Exercise instructions>
Please print only the top portion of the entries below, ending with the line that contains "- QR TIGER –", exactly as written.

[Dataset excerpts]

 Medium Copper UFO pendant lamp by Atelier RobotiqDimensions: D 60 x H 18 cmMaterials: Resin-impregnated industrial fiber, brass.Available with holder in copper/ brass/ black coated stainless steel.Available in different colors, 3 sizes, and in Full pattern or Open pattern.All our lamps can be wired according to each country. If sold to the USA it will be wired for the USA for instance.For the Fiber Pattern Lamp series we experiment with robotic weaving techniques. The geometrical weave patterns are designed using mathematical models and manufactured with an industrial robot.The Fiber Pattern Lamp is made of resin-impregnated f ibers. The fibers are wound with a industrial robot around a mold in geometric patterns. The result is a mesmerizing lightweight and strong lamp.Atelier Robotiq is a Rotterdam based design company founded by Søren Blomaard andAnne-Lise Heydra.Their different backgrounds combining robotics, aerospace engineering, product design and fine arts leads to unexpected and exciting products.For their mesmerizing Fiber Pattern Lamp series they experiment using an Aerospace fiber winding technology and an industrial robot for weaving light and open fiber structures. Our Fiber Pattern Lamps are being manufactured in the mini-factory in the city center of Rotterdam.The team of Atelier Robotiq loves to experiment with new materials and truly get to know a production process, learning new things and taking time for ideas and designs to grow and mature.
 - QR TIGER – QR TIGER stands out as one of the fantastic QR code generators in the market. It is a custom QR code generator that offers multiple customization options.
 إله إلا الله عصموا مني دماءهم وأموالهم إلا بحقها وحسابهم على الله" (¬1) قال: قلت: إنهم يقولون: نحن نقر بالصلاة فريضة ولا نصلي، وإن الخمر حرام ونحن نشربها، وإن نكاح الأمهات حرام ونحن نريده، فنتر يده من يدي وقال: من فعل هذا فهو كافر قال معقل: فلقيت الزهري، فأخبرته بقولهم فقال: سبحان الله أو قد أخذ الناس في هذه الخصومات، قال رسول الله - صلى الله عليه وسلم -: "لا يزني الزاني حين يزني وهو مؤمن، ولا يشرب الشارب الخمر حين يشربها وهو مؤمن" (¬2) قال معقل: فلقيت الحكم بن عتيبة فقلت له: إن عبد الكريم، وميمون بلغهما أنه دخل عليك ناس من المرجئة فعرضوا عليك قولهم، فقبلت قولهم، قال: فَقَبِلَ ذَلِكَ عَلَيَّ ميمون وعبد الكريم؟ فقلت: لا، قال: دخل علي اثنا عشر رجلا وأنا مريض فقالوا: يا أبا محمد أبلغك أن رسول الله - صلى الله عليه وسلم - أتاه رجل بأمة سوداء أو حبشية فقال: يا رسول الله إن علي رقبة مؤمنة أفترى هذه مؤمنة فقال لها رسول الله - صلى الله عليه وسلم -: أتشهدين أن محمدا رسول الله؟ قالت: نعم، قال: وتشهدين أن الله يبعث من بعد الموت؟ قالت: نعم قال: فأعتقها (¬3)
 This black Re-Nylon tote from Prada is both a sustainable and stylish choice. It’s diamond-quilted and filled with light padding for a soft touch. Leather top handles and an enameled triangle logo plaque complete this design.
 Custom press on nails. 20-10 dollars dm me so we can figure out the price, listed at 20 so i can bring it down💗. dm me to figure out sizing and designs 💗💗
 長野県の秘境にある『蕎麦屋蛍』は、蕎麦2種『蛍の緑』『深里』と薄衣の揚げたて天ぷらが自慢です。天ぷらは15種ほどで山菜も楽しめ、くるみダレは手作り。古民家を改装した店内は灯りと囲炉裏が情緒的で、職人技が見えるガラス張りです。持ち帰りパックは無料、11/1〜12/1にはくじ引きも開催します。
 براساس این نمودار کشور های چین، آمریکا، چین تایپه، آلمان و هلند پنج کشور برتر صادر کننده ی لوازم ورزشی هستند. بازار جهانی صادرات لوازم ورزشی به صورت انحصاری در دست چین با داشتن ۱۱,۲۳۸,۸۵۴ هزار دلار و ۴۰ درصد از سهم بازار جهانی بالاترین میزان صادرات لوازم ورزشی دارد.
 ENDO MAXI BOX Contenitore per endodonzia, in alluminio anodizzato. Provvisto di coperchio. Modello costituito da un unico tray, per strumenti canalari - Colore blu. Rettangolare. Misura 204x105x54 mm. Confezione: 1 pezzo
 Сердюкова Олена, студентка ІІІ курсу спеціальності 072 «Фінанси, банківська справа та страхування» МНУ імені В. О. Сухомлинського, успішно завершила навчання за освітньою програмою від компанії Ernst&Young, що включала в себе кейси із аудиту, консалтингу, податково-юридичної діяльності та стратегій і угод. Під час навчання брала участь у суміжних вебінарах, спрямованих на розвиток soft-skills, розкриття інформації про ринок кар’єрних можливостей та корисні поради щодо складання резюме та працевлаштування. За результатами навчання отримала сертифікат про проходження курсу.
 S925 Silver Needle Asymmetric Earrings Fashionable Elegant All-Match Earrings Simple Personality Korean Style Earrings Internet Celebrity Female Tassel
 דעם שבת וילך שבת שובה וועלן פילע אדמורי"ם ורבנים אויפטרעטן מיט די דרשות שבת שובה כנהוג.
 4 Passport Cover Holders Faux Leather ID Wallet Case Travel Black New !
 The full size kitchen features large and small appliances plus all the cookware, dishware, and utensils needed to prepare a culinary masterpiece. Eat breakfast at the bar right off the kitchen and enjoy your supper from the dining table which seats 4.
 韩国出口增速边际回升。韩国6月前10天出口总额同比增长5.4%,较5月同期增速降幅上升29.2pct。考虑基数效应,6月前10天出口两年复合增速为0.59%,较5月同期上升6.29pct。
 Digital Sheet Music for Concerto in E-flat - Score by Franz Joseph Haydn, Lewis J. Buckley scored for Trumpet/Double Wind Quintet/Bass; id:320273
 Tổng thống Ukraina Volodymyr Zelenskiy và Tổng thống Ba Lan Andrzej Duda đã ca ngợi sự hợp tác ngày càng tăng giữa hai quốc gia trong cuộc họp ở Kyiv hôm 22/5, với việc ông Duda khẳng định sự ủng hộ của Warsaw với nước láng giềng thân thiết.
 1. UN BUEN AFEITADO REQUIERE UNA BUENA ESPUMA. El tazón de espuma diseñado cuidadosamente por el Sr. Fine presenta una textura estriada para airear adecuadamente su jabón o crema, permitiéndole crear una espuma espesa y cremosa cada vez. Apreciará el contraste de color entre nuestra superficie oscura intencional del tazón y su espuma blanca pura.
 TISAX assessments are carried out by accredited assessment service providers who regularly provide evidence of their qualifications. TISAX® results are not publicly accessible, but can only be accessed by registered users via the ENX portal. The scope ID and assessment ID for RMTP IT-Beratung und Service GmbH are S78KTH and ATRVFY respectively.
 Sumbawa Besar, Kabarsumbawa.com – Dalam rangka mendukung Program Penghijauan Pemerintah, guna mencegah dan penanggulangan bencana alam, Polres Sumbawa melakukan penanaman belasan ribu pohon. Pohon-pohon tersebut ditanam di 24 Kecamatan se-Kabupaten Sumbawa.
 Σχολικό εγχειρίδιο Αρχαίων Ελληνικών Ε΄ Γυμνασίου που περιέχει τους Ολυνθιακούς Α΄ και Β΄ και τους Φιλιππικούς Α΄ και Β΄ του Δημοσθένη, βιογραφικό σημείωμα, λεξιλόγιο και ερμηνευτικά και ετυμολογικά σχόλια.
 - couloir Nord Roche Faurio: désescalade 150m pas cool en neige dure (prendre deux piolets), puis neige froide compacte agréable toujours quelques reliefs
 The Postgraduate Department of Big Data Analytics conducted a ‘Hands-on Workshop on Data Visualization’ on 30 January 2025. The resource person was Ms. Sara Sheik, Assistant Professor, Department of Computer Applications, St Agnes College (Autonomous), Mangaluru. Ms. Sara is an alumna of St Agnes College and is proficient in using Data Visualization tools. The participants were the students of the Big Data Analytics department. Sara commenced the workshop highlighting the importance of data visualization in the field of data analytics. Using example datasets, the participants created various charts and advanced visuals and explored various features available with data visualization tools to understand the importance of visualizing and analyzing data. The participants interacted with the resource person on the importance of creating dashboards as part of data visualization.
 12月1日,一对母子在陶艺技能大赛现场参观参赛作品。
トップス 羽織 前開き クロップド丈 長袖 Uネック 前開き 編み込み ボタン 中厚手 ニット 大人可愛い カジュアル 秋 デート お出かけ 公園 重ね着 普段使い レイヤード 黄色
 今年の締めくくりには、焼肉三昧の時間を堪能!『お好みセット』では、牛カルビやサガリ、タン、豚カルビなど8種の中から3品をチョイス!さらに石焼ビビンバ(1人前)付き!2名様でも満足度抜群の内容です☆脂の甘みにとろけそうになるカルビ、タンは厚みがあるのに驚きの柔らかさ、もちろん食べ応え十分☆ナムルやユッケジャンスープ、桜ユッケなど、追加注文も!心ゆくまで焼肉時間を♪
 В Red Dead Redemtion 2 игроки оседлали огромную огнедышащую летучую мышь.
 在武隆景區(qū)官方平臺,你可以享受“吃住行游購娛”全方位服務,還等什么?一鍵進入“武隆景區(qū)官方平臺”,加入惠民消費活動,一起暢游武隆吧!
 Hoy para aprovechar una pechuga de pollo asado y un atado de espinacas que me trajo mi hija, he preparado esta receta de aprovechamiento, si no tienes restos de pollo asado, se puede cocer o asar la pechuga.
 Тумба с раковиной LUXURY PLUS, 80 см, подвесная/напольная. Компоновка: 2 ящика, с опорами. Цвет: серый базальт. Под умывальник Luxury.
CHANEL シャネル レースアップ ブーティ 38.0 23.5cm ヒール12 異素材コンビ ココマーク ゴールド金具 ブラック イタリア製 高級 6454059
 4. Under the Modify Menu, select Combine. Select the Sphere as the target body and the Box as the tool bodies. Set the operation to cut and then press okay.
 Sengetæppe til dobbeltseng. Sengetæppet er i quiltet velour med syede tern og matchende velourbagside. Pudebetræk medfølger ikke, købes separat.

[/Dataset excerpts]

Task solution>
 Medium Copper UFO pendant lamp by Atelier RobotiqDimensions: D 60 x H 18 cmMaterials: Resin-impregnated industrial fiber, brass.Available with holder in copper/ brass/ black coated stainless steel.Available in different colors, 3 sizes, and in Full pattern or Open pattern.All our lamps can be wired according to each country. If sold to the USA it will be wired for the USA for instance.For the Fiber Pattern Lamp series we experiment with robotic weaving techniques. The geometrical weave patterns are designed using mathematical models and manufactured with an industrial robot.The Fiber Pattern Lamp is made of resin-impregnated f ibers. The fibers are wound with a industrial robot around a mold in geometric patterns. The result is a mesmerizing lightweight and strong lamp.Atelier Robotiq is a Rotterdam based design company founded by Søren Blomaard andAnne-Lise Heydra.Their different backgrounds combining robotics, aerospace engineering, product design and fine arts leads to unexpected and exciting products.For their mesmerizing Fiber Pattern Lamp series they experiment using an Aerospace fiber winding technology and an industrial robot for weaving light and open fiber structures. Our Fiber Pattern Lamps are being manufactured in the mini-factory in the city center of Rotterdam.The team of Atelier Robotiq loves to experiment with new materials and truly get to know a production process, learning new things and taking time for ideas and designs to grow and mature.
 - QR TIGER – QR TIGER stands out as one of the fantastic QR code generators in the market. It is a custom QR code generator that offers multiple customization options.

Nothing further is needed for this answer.